Here \({x}_{i}\) and \({x}_{j}\) represent the FPAR values for years i and j respectively, TS > 0 indicates an increasing trend, whereas TS ≤ 0 indicates a decreasing trend.

$$S={\sum }_{i=1}^{n-1}\mathop{\sum }\limits_{j=i+1}^{n}\mathrm{sgn}\left({x}_{j}-{x}_{i}\right)$$
(4)

To compute the Mann-Kendall test statistic S, the formula employs the sign function \(\mathrm{sgn}({\rm{x}})\), where \(n\) denotes the number of time series observations, and \({x}_{i}\) and \({x}_{j}\) represent the data values.

$${\rm{Var}}\left(S\right)=\frac{n\left(n-1\right)\left(2n+5\right)-\mathop{\sum }\limits_{i=1}^{m}{t}_{i}\left({t}_{i}-1\right)\left(2{t}_{i}+5\right)}{18}$$
(5)

Here m denotes the counts of successive groups in the data (repeated dataset), and ti denotes the correlation counts (number of times it is repeated in the i-th range). In the case of large samples, the S approximately obeys a normal distribution and the Zs is calculated as:

$${{\rm{Z}}}_{{\rm{s}}}=\left\{\begin{array}{ccc}\frac{{\rm{S}}-1}{\sqrt{{\rm{Var}}\left({\rm{S}}\right)}}, & \text{if} & {\rm{S}} > 0\\ 0 & \text{if} & {\rm{S}}=0\\ \frac{{\rm{S}}+1}{\sqrt{{\rm{Var}}\left({\rm{S}}\right)}}, & \text{if} & {\rm{S}} < 0\end{array}\right.$$
(6)

Based on the calculated Zs, the significance of the trend can be determined by looking up the standard normal distribution table. When \({{\rm{|Z}}}_{{\rm{s}}}|\)>\({{\rm{Z}}}_{1-{\rm{\alpha }}/2}\), it can be seen as a rejection of the null hypothesis that there is a significant trend in this data set. Therefore, different values of α will give different results of trend test and in this study α = 0.05, i.e. \({{\rm{Z}}}_{1-{\rm{\alpha }}/2}\) = 1.96 is used as the criterion.
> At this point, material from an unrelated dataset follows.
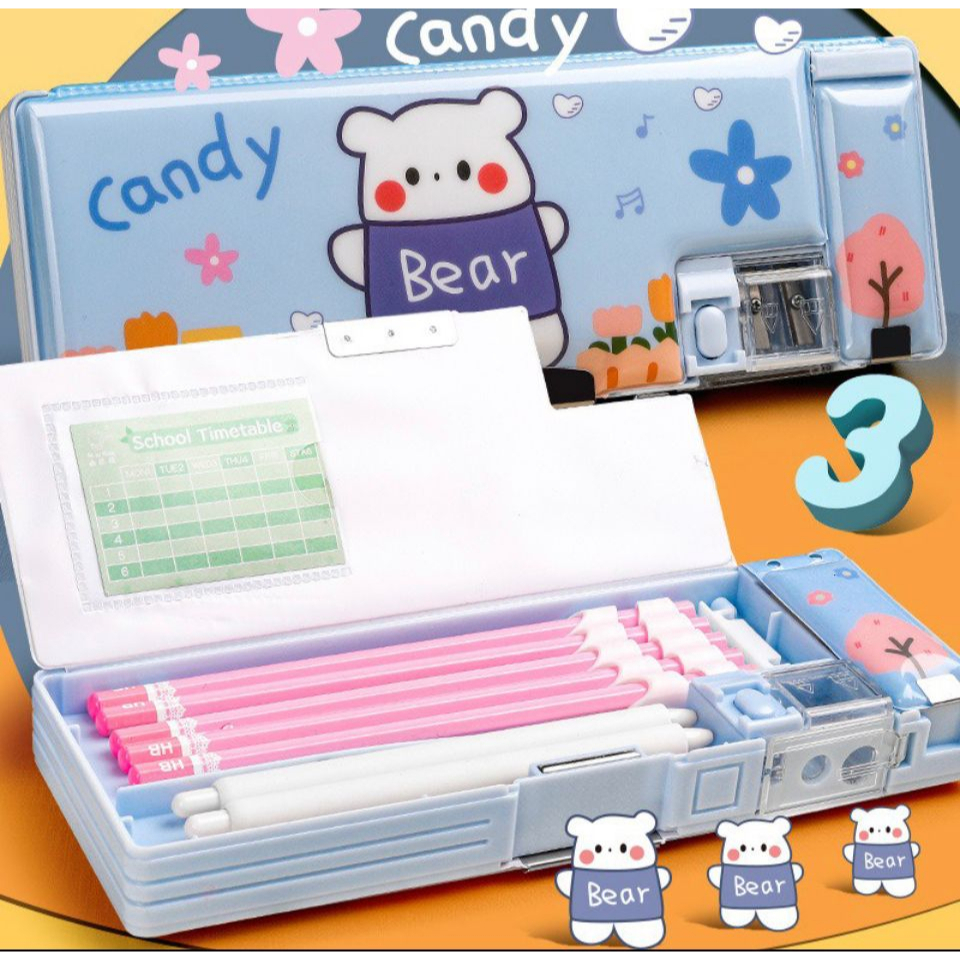 SS Kotak Pensil Pola Kartun Lapisan Ganda dan Tunggal dengan Rautan Kapasitas / Tempat Pensil Multifungsi Motif Unicorn / Dinosaurus / Astronot Untuk Anak Tk

Time-Series Stability (TSS) measures the deviation of a value at a specific time from the linear interpolation of values at adjacent times. In this study, we calculated the cumulative TSS over one year for three types of data: MODIS FPAR, HiQ-FPAR, and SI FPAR. Higher TSS values indicate lower temporal stability of the data. TSS is calculated as follows:

$${\rm{TSS}}\left(t\right)=\frac{\left|\begin{array}{c}\left(X\left({t}_{n+1}\right)-X\left({t}_{n-1}\right)\right)\times {t}_{n}-X\left({t}_{n}\right)\times \left({t}_{n+1}-{t}_{n-1}\right)-\\ \left(X\left({t}_{n+1}\right)-X\left({t}_{n-1}\right)\right)\times {t}_{n-1}+X\left({t}_{n-1}\right)\times \left({t}_{n+1}-{t}_{n-1}\right)\end{array}\right|}{\sqrt{{\left(X\left({t}_{n+1}\right)-X\left({t}_{n-1}\right)\right)}^{2}-{\left({t}_{n+1}-{t}_{n-1}\right)}^{2}}}$$
(7)

where \(X\left({t}_{n-1}\right)\), \(X\left({t}_{n}\right)\) and \(X\left({t}_{n+1}\right)\) represent the FPAR data at three distinct points in time within a time series: the past (\({t}_{n-1}\)), the current (\({t}_{n}\)), and the future (\({t}_{n+1}\)), respectively.

Data Records

The dataset is available at Zenodo40, and the data offers 4 Scientific Datasets: FPAR, original quality control information, relative temporal stability of HiQ-FPAR, and the absolute difference between HiQ-FPAR and MODIS FPAR. To address considerations regarding data storage size, the original values have been adjusted to integers. Users are advised to refer to the scaling factors provided in Table 1 for value restoration when utilizing the data.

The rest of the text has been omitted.